:: Data under study ::
↓

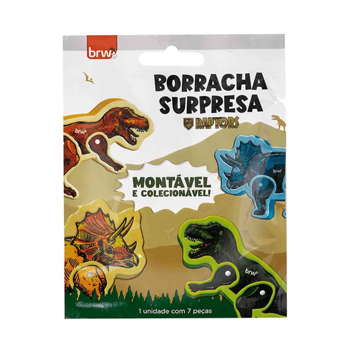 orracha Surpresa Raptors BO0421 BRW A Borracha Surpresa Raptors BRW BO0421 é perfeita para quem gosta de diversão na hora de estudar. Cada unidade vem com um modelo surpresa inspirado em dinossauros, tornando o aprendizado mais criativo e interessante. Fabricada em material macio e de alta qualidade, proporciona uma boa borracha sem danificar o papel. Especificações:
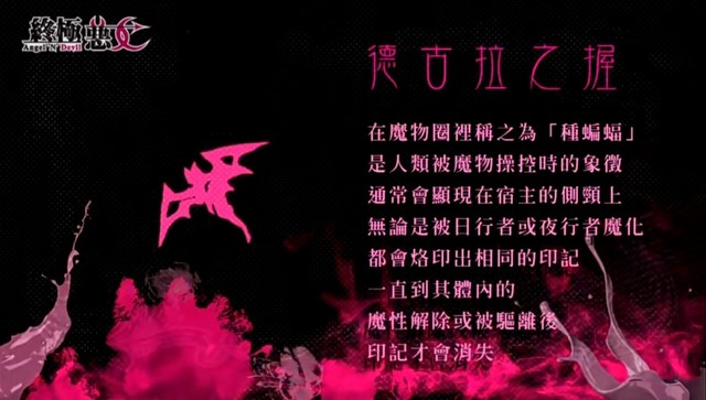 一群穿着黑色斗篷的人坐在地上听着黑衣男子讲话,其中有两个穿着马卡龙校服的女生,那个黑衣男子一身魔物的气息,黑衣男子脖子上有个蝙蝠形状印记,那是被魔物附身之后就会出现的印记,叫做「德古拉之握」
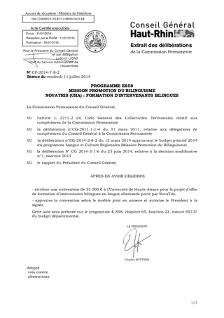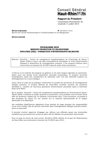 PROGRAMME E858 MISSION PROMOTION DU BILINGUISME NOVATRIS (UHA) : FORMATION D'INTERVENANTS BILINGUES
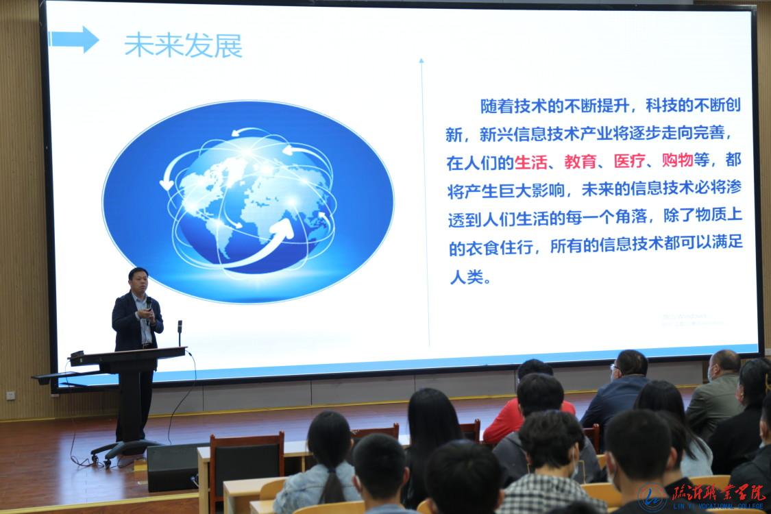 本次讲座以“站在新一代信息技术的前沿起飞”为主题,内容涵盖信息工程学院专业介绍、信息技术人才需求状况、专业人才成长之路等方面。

↑
↓

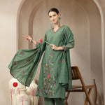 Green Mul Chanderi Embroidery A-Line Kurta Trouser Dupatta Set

↑

:: Task directions ::
Line for line, output the entries above from the line with "orracha Surpresa Raptors BO0421" to the line with "PROGRAMME E858 MISSION", both included, and nothing more. Skip pictures.

:: Finished exercise ::
 orracha Surpresa Raptors BO0421 BRW A Borracha Surpresa Raptors BRW BO0421 é perfeita para quem gosta de diversão na hora de estudar. Cada unidade vem com um modelo surpresa inspirado em dinossauros, tornando o aprendizado mais criativo e interessante. Fabricada em material macio e de alta qualidade, proporciona uma boa borracha sem danificar o papel. Especificações:
 一群穿着黑色斗篷的人坐在地上听着黑衣男子讲话,其中有两个穿着马卡龙校服的女生,那个黑衣男子一身魔物的气息,黑衣男子脖子上有个蝙蝠形状印记,那是被魔物附身之后就会出现的印记,叫做「德古拉之握」
 PROGRAMME E858 MISSION PROMOTION DU BILINGUISME NOVATRIS (UHA) : FORMATION D'INTERVENANTS BILINGUES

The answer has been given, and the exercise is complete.